如何匹配Lua中的句子 [英] How to match a sentence in Lua
问题描述
我正在尝试创建一个正则表达式,试图匹配一个句子.
I am trying to create a regex which attempts to match a sentence.
这是一个片段.
local utf8 = require 'lua-utf8'
function matchsent(text)
local text = text
for sent in utf8.gmatch(text, "[^\r\n]+\.[\r\n ]") do
print(sent)
print('-----')
end
end
但是,它不能像在python中那样工作.我知道Lua使用不同的正则表达式模式集,并且它的正则表达式功能有限,但是为什么上述正则表达式会给我带来语法错误?Lua中与正则表达式匹配的句子会是什么样子?
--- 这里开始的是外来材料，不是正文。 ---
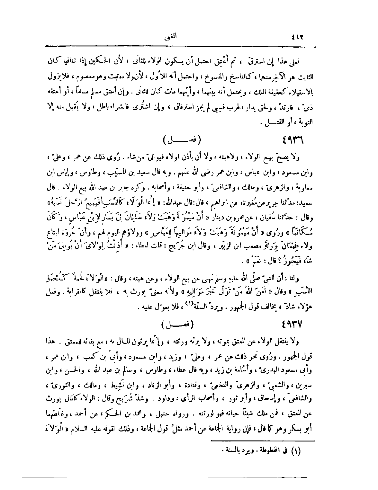 (٤٩٩٨) فَصْلٌ: وَلَا يَصِحُّ بَيْعُ الْوَلَاءِ وَلَا هِبَتُهُ، وَلَا أَنْ يَأْذَنَ لِمَوْلَاهُ فَيُوَالِي مَنْ شَاءَ. رُوِيَ ذَلِكَ عَنْ عُمَرَ، وَعَلِيٍّ، وَابْنِ مَسْعُودٍ، وَابْنِ عَبَّاسٍ، وَابْنِ عُمَرَ - رَضِيَ اللَّهُ عَنْهُمْ -. وَبِهِ قَالَ سَعِيدُ بْنِ الْمُسَيِّبِ، وَطَاوُسٌ، وَإِيَاسُ بْنُ مُعَاوِيَةَ، وَالزُّهْرِيُّ، وَمَالِكٌ، وَالشَّافِعِيُّ، وَأَبُو حَنِيفَةَ وَأَصْحَابُهُ. وَكَرِهَ جَابِرُ بْنُ عَبْدِ اللَّهِ بَيْعَ الْوَلَاءِ. قَالَ سَعِيدٌ: حَدَّثَنَا جَرِيرٌ، عَنْ مُغِيرَةَ، عَنْ إبْرَاهِيمَ قَالَ: قَالَ عَبْدُ اللَّهِ: إنَّمَا الْوَلَاءُ كَالنَّسَبِ فَيَبِيعُ الرَّجُلُ نَسَبَهُ،.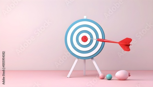 Precision and Success: Red Dart Striking Bullseye on Black and White Dartboard with Turquoise Backdrop
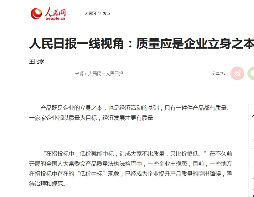 人民日報:“最低價中標”危害極大,質量應是企業(yè)立身之本!發(fā)布于:2022-06-08 -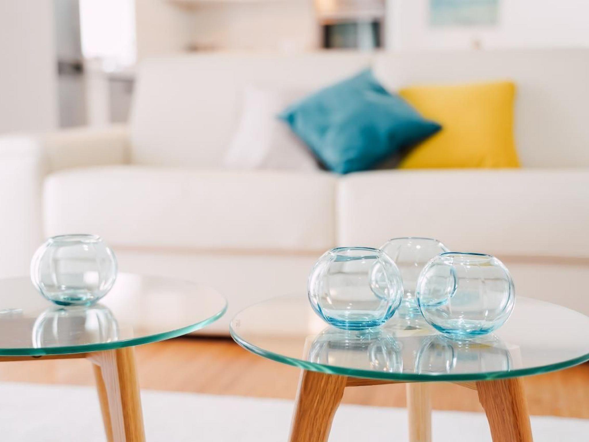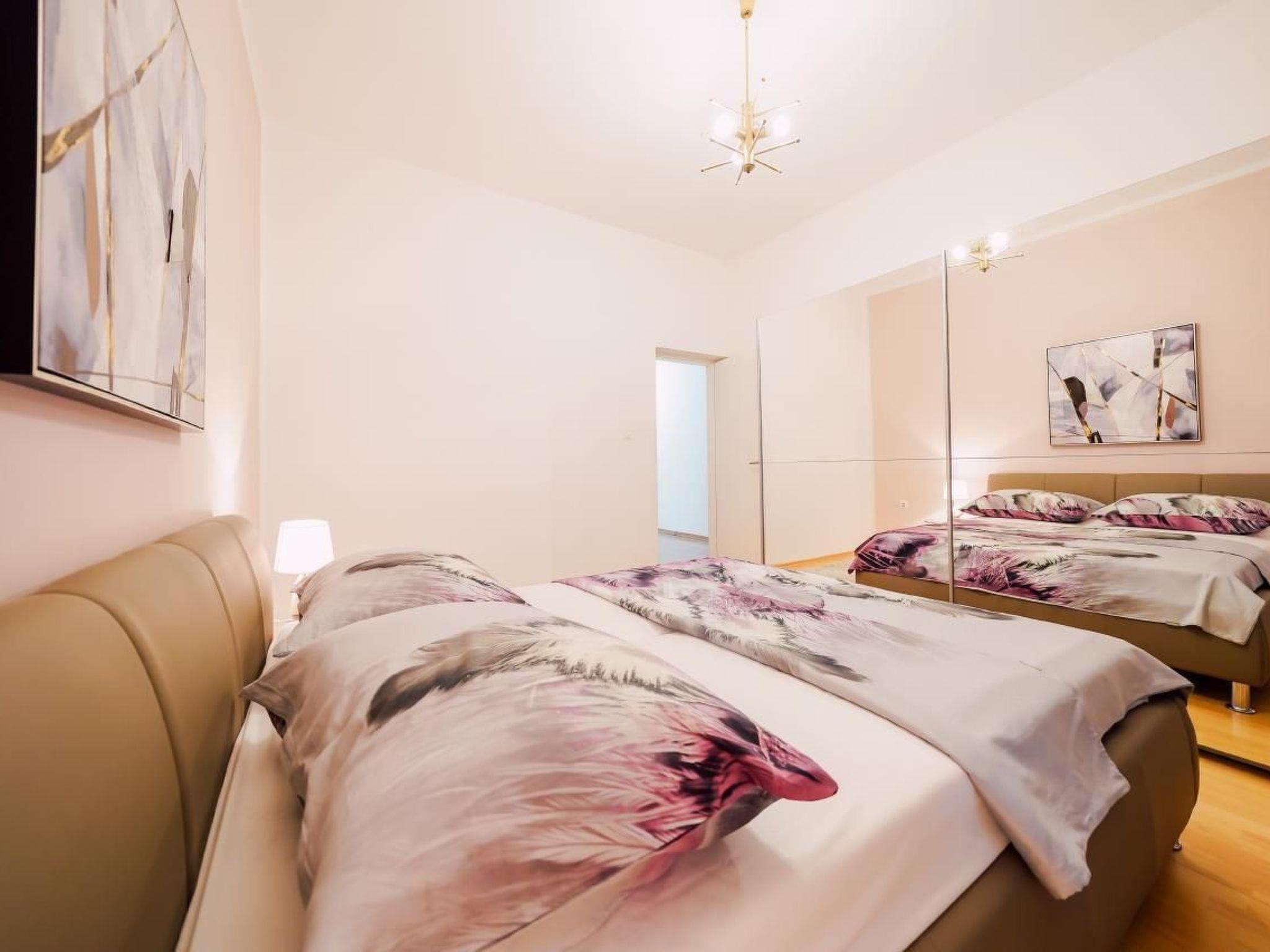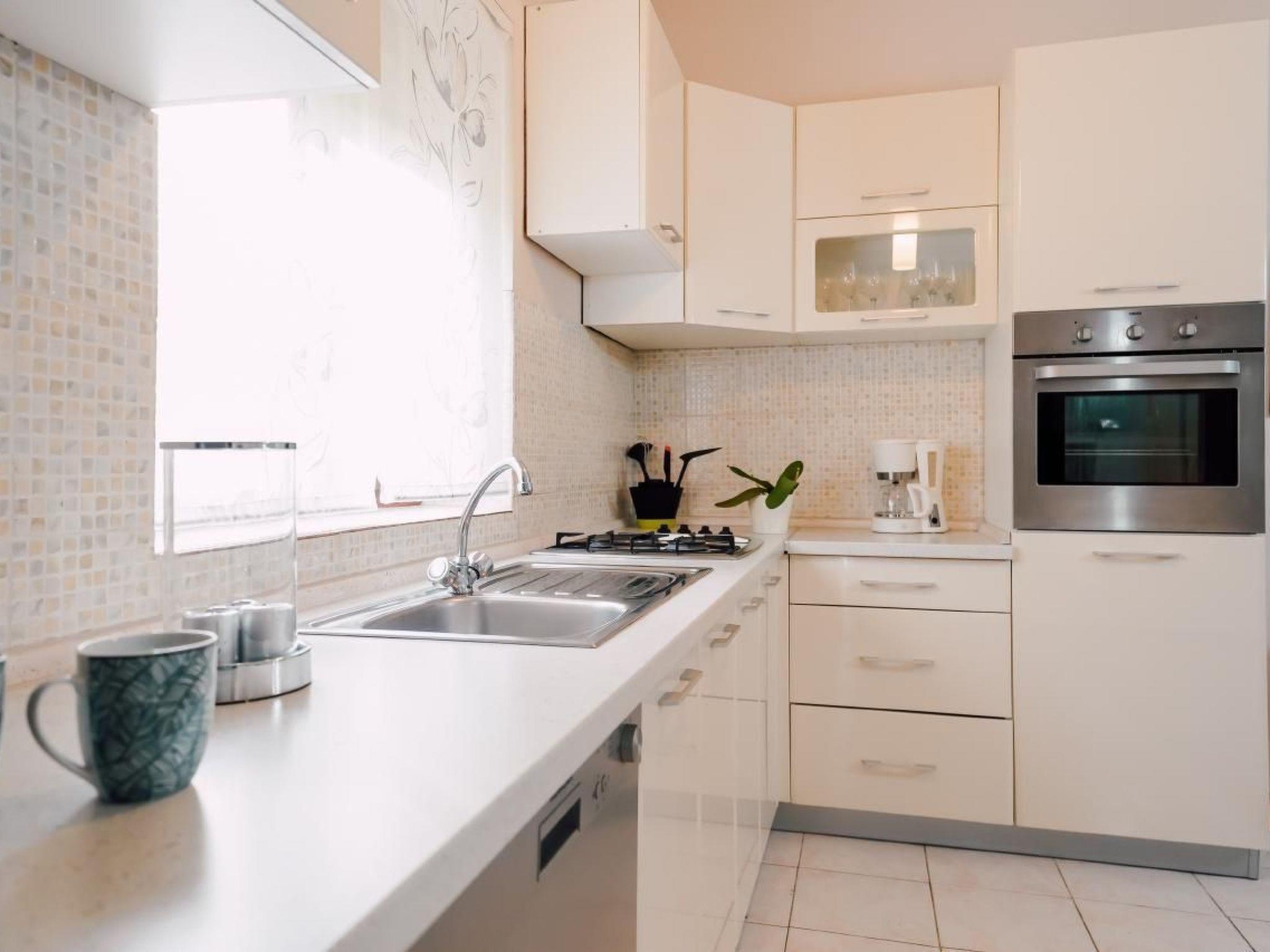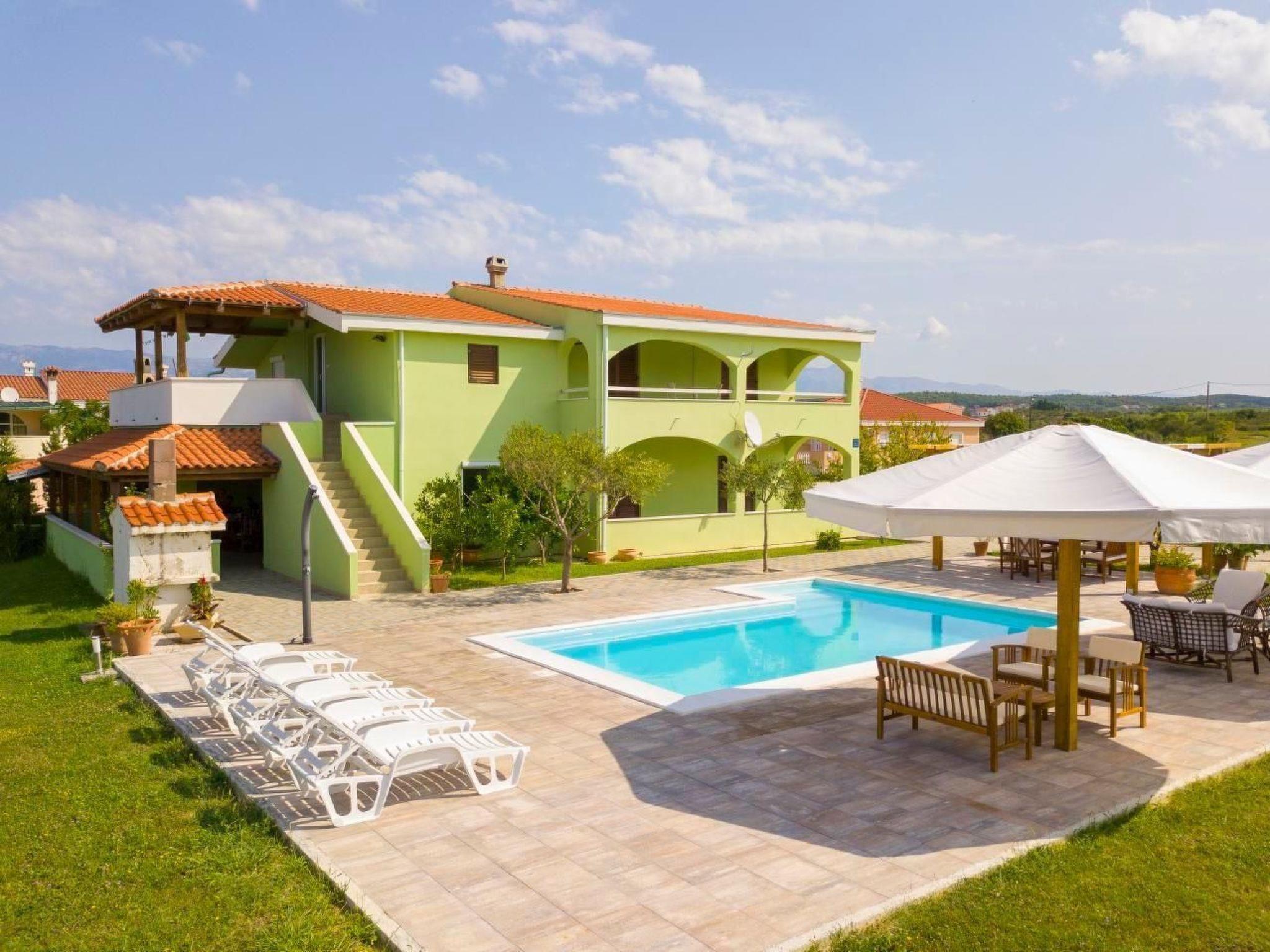 Apartment has three bedrooms; three bedrooms with double bed (160x2) each, and sofa in the living room, 2 bathrooms (both with showers), kitchen fully equipped with kitchen hood, dishwasher, oven, kettle, coffee machine, microwave, fridge with freezer and everything you need. Apartment is situated on the ground floor and it actually takes whole ground floor, it has big terrace (60 sqm) with an amazing sea view. Apartment has its own grill, too. Pool (33 sqm), separated Whirpool (up to 5 persons) and sunbathing place (with loungers and parasols) are shared with one more apartment.
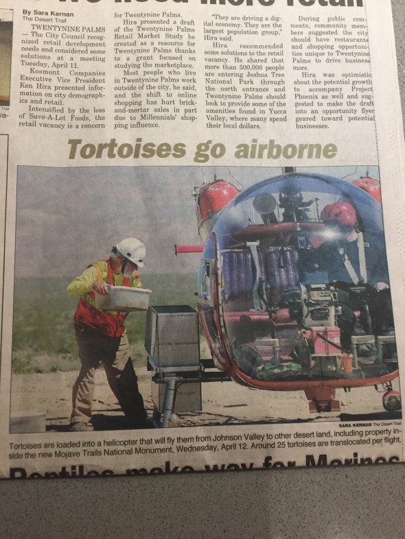 The top story in both the Hi-Desert Star and The Desert Trail is the removal of 1,100 desert tortoises from the Marine Corps base to safer lands.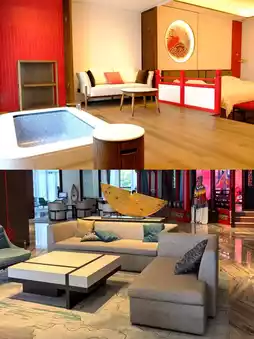 Jiashan Yunlan Bay Hongjing Four Seasons Hotel: an immersive drama-themed hotel, decorated with theatrical elements. There is a private hot spring bath in the room, so you can enjoy the hot spring without leaving home.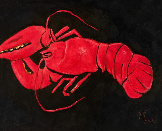 Lobster on Black Background White Modern Wood Framed Art Print with Double Matting by Hartley, Marsden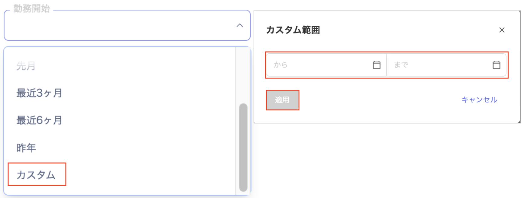 カスタムを選択すると、「カスタム範囲」画面が表示されます。指定期間を設定して、[適用]をクリックします。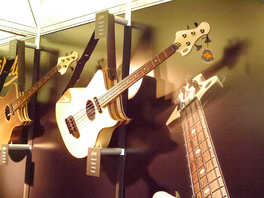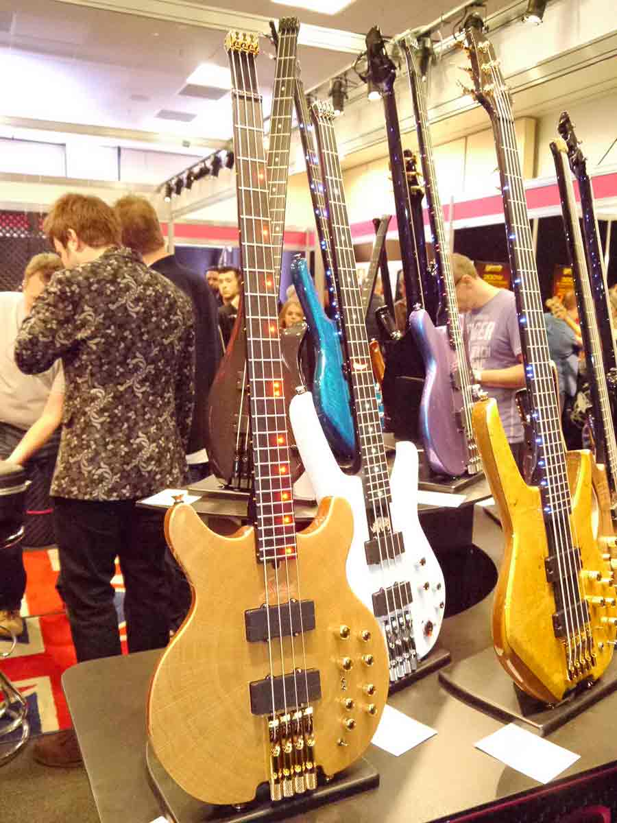 Aus Italien hatte sich Manne Guitars nach London begeben – klanglich sind die Bässe sehr erhaben und setzen sich vor allem durch ein eigenständiges Design wohltuend von den Mitbewerbern ab. Relativ neu ist der als VibraBass bezeichnete Akustik-Bass, den man als zweiten Bass von links sehen kann.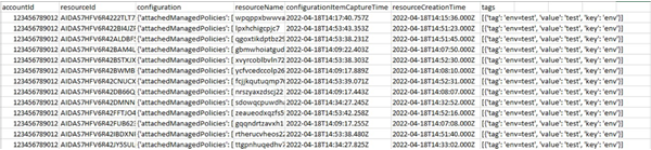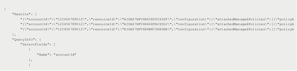 All the content we need to get is in the "Result" section. Config limits the number of records in the response, we need to use a “for” loop and “NextToken” param to get the entire records: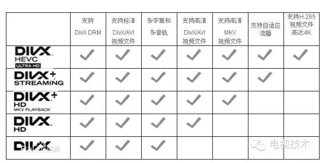 2.DivX是一种数字视频格式,支持MPEG-4,H.264和最新H.265标准的视频,分辨率可高达4K超高清。DivX已于2013年9月推出全球第一款支持H.265标准,可进行4K超高清视频编解码的软件。DivX认证过程必须经过严格测试,测试要求包括:VIDEO、AUDIO及多媒体要求等,通过认证可满足高可视标准质量要求。DivX对消费电子设备进行认证,按照屏幕尺寸大小、所能支持的分辨率高低、是否可以联网流播,从手机、平板、DVD机、机顶盒、PS3到蓝光机、全高清(1080p)电视机,再到超高清(4K)电视机,DivX都有对应的认证等级与其匹配。图1列举了DivX认证由低到高的等级,高等级向下兼容低等级的功能。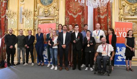 La médaille de la Ville de Lyon est venue s'ajouter à la longue liste des trophées déjà récoltés par ces athlètes exceptionnels. Elle a été remise par Grégory Doucet, Maire de Lyon, Julie Nublat-Faure, Adjointe aux sports et Florence Delaunay (Droits et égalités).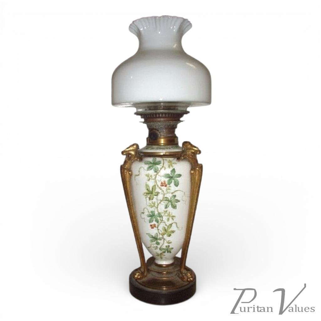 A high quality oil lamp with a hard paste porcelain reservoir hand painted with delicate fruiting berries and foliage, embraced by three large gilt bronze cat pillars terminating with paw feet. The oil reservoir and burner slide out in one. With its original Hinks & Sons burner. Height 25".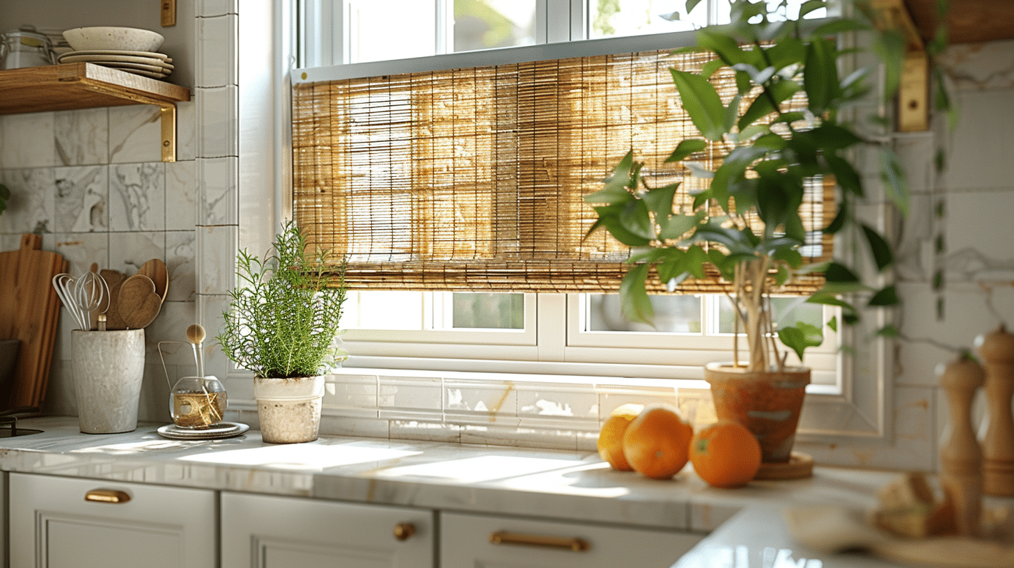 Rattan blinds offer a perfect blend of natural texture and practical functionality, as shown in this chic kitchen. These blinds provide a warm, organic feel that complements the wooden accents and greenery.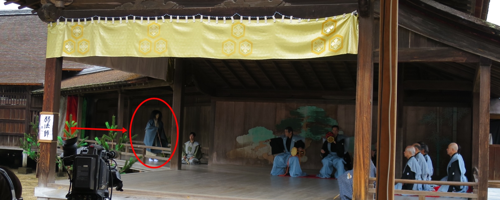 「弱法師は盲目だからぎこちなく演じればいいというものではない。視力を奪われた者は、聴覚やら足元やら他の感覚がすぐれて発達しているものだ。しかも俊徳丸はまだ少年だから動きに俊敏さがあるはず。また、四天王寺へと向かう参道は、彼にとって通い慣れた道なので、どこに何があるかという見当は大方ついている。だから、ある程度しっかりとした足取りでないと・・・」(記憶違いでしたらごめんなさい、文責副住職)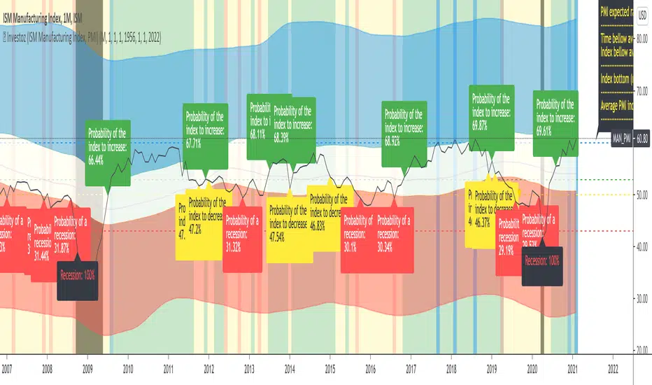 In the chart you will see a figure over the probability for a recession, a slowdown that could lead to a recession and the probability for increased productivity. That may help when you consider when to buy or sell. You can also read about how long time the PMI index has been in each and every zone and also see the average for the index.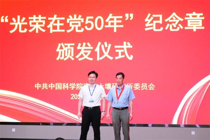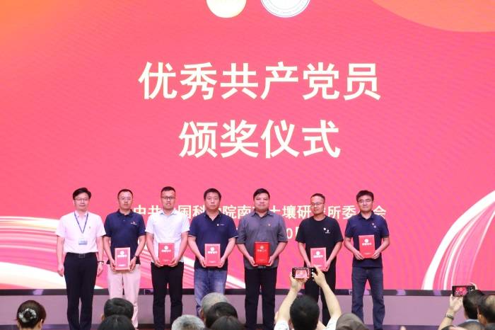随后现场举行了 “光荣在党50 年”纪念章颁发仪式,向为党和国家事业辛勤奉献半个世纪的老党员们致以崇高敬意。党委书记华伟宣读了《关于表彰优秀共产党员的决定》,为8名在科技创新、管理服务等岗位表现突出的党员颁发荣誉证书,表彰他们在为研究所改革发展和土壤科学事业中发挥的先锋模范作用。优秀党员代表郭志英结合工作实际分享初心故事。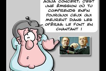 Une seule solution : écouter en direct ou en podscast « Aqua Concert » (sur la Première de la Radio Suisse Romande) : une émission de Jean-Charles Simon et Patrick Lapp « pour écouter de la musique classique et savourer leur regard caustique et décalé sur l’actualité ».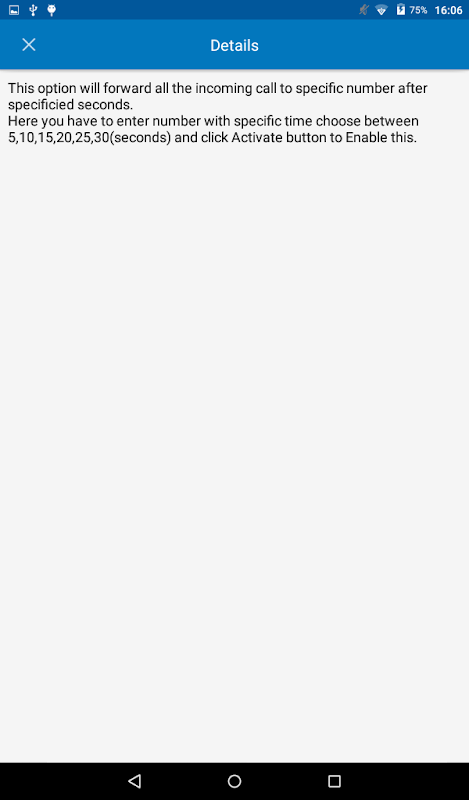 You can choose which we have given like for forwarding unconditionally, unanswered or if busy with time, after that time call will disconnect and divert to your target number. You can use this app in emergency like battery low or in roaming mode. Don't worry about that just download call forwarding app for Forwarding call to your desired number or voicemail box.

However, it does not work like in python for example. I know that Lua uses different set of regex patterns and it's regex capabilities are limited but why does the regex above give me a syntax error? And how a sentence matching regex in Lua would look like?
推荐答案
请注意,Lua使用Lua模式,它们不是常规"表达式,因为它们不能与常规语言匹配.由于您需要考虑各种缩写,空格,大小写等原因,因此几乎不能将它们用于将文本拆分为句子.由于将文本拆分为句子,您需要使用NLP软件包而不是一两个正则表达式,因为任务.
Note that Lua uses Lua patterns, that are not "regular" expressions as they cannot match a regular language. They can hardly be used to split a text into sentences since you'd need to account for various abbreviations, spacing, case etc. To split a text into sentences, you need an NLP package rather than one or two regexps due to the complexity of the task.
关于
为什么上面的正则表达式给我一个语法错误?
why does the regex above give me a syntax error?
您需要在Lua 模式中使用%
符号对特殊符号进行转义.查看示例代码:
you need to escape special symbols with a %
symbol in Lua patterns. See an example code:
function matchsent(text)
for sent in string.gmatch(text, '[^\r\n]+%.[\r\n ]') do
print(sent)
print("---")
end
end
matchsent("Some text here.\nShow me")
这篇关于如何匹配Lua中的句子的文章就介绍到这了,希望我们推荐的答案对大家有所帮助,也希望大家多多支持IT屋!